Percolation with random one-dimensional reinforcements

TL;DR

This paper investigates how inhomogeneous bond percolation on a product graph with a random one-dimensional reinforcement region affects percolation, establishing conditions for the persistence of non-percolative phases.

Contribution

It introduces a model with a random reinforcement region in inhomogeneous percolation and derives conditions based on the moments of the radii for non-percolation to persist.

Findings

Non-percolative phase persists for subcritical p and q<1.

Conditions depend on moments of the radii and growth of G.
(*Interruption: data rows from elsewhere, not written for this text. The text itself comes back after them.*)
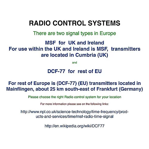 Automatic time change for Spring & Autumn and automatic time checks, accurate to 1 second in 10 million years, have automatic set up for time and calendar (where applicable), The National Physical Laboratory (NPL) which is the UK’s home of measurement and the nation’s timekeeping. NPL is responsible for operating the national time system and making accurate time available across the UK. This clock keep accurate time by picking up the NPL’s radio signal, called MSF, which is transmitted on 60KHz from Cumbria. This transmission carries a date and time code that the radio controlled products use to set themselves to the correct time. The signal is controlled by atomic clocks at the radio station and are adjusted to keep in step with the national time maintained at NPL laboratory in London.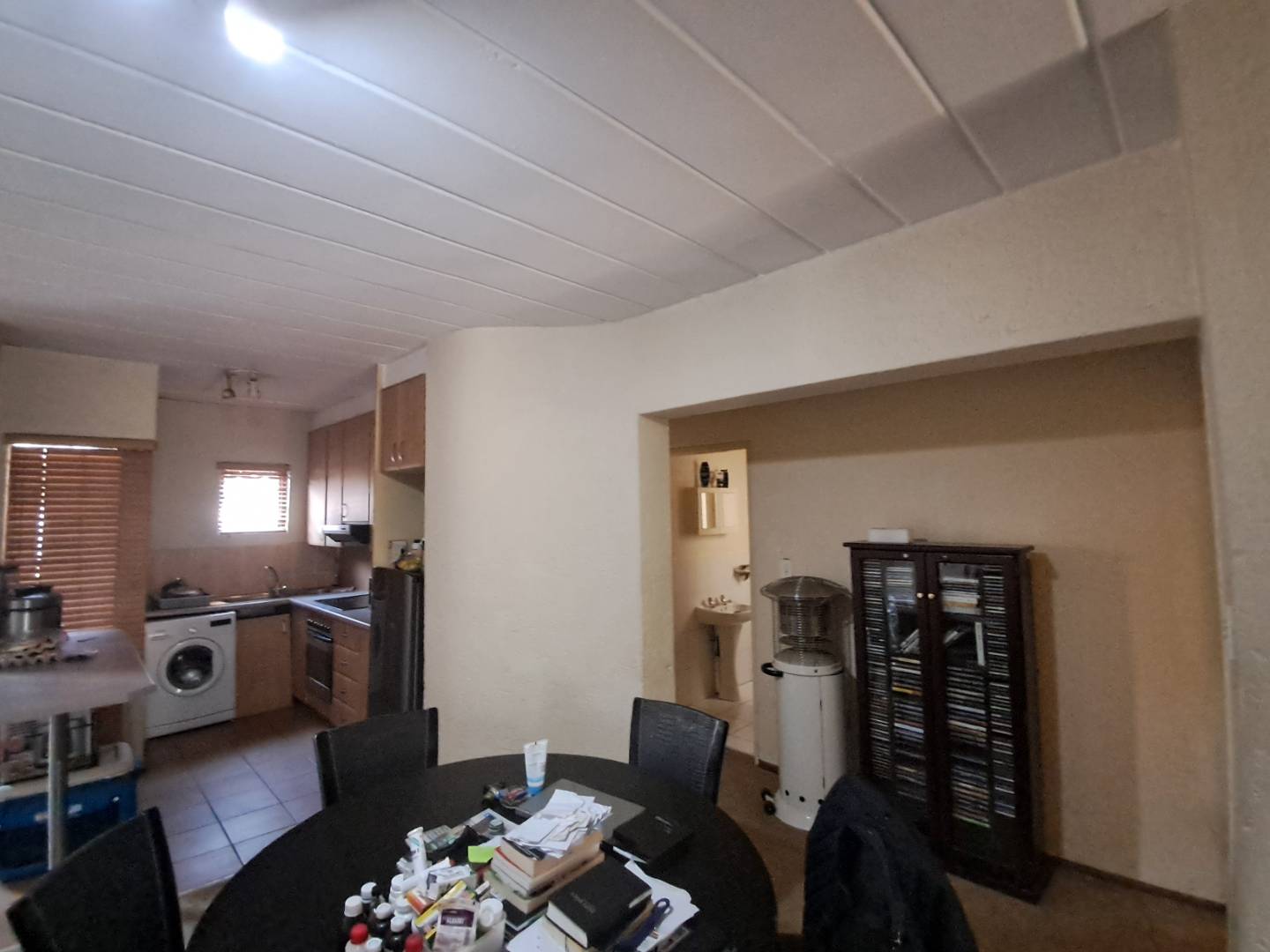 - An open plan kitchen with ample cupboards, glass top stove, and space for a washing machine and a tumble dryer.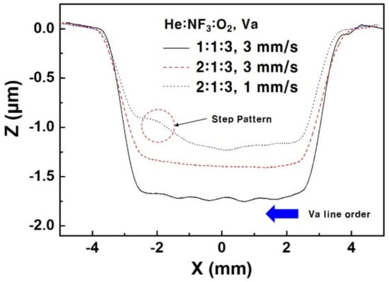 The bottom profile of the specimen of He:NF3:O2 1:1:3 of reduced He amount with Va 3 mm/s in Figure 8 shows the wave pattern. In this filament plasma, the NF3 concentration was the highest; hence, the etch depth was deepest. However, due to the lower nozzle jet velocity, external air is diffused into the filament plasma area, which increases the filament plasma sustaining voltage. The change in the filament-sustaining voltage influences the output voltage of the power supply, which actively control the output power to keep the setting power of 100 W. It forms a waved bottom profile.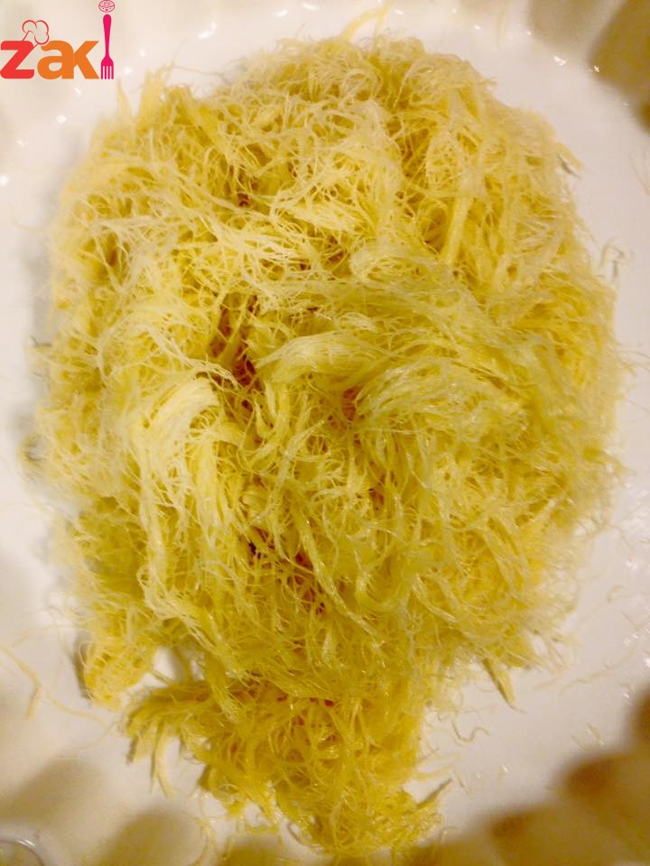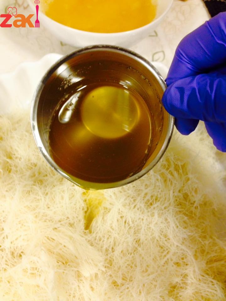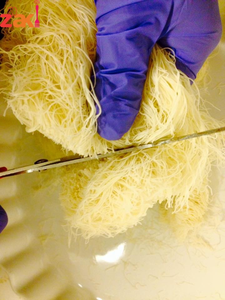 يوم التحضير قطعت عجينة الكنافة بالمقص قطع طول تقريبا ٣ سم وبعدين بحط عليها الزبدة وبفركها منيح لحتى تندمج مع العجينة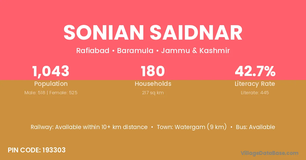 Sonian Saidnar village has a total population of 1,043 people, of which 518 are males and 525 are females.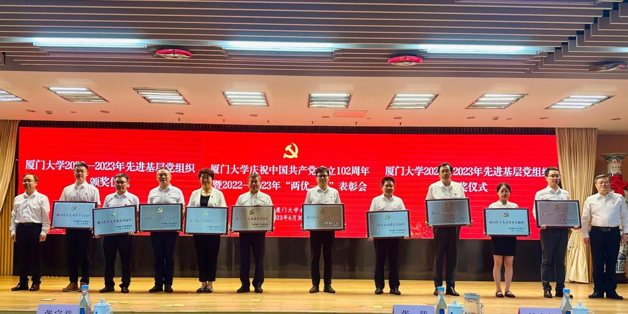 6月30日下午,“厦门大学庆祝中国共产党成立102周年暨2022—2023年‘两优一先’表彰会”在思明校区科学艺术中心一楼多功能厅召开。
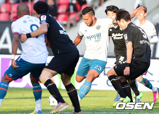 20일 오후 경기도 성남시 탄천종합운동장에서 열린 '현대오일뱅크 K리그 클래식 2016' 성남 FC와 강원 FC의 승강 플레이오프 경기 후반 마테우스가 슈팅을 하고 있다. / baik@osen.co.kr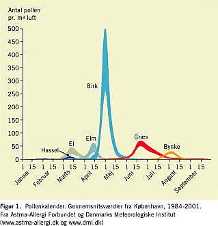 I Danmark ses allergisk sensibilisering mod de sæsonrelaterede udendørsallergener fra løvtræspollen, græspollen, gråbynkepollen og skimmelsvampe (Figur 1) samt mod indendørsallergener fra husstøvmider (house dust mites, HDM,) pelsdyr, fugle og skimmelsvampe. Inhalationsallergi kan tillige udløses af en række erhvervsrelaterede allergener.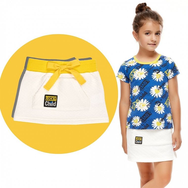 юбку для девочки – та ещё задача. В этой модели сочетается много преимуществ: стёганое трикотажное полотно «капитоний» (70% хлопка, 30% полиэстер), прямой крой, широкая резинка на талии, нарядный молочный цвет и, наконец, модный карман-кенгуру, как у толстовок. Эта юбка подойдёт как для малышки, которая только встала на ножки, так и для девочки, которая уже ходит в детский сад.
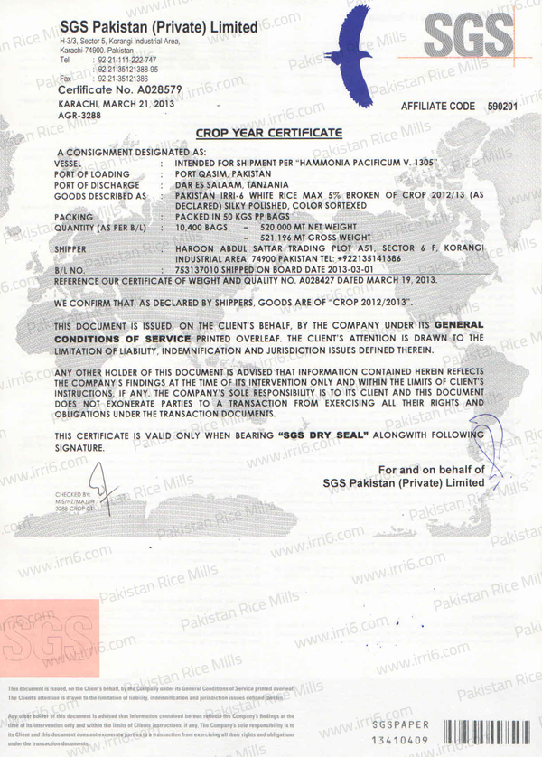 - Crop Year Certificate - issued by third-party surveyor (SGS, InterTek etc).
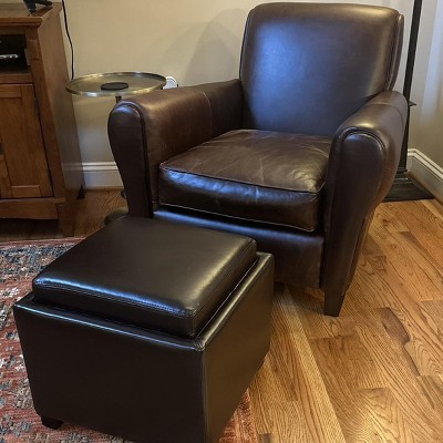 Much nicer than in pictures. I needed a leather ottoman, but I didn’t have enough space for a full sized one without it being in the way. I saw this and thought it looked nice. The brand has a pretty good reputation for value priced home goods. I was really surprised when it arrived. It was extremely well packed. It looks great w my leather market chair. I was worried bc the market chair is an expensive leather chair; so I was worried they wouldn’t pair well. But they are a perfect match. Very happy.

Results extend understanding of inhomogeneous percolation with random reinforcements.

Abstract

We study inhomogeneous Bernoulli bond percolation on the graph $G \times \mathbb{Z}$, where $G$ is a connected quasi-transitive graph. The inhomogeneity is introduced through a random region $R$ around the origin axis $\{0\}\times\mathbb{Z}$, where each edge in $R$ is open with probability $q$ and all other edges are open with probability $p$. When the region $R$ is defined by stacking or overlapping boxes with random radii centered along the origin axis, we derive conditions on the moments of the radii, based on the growth properties of $G$, so that for any subcritical $p$ and any $q<1$, the non-percolative phase persists.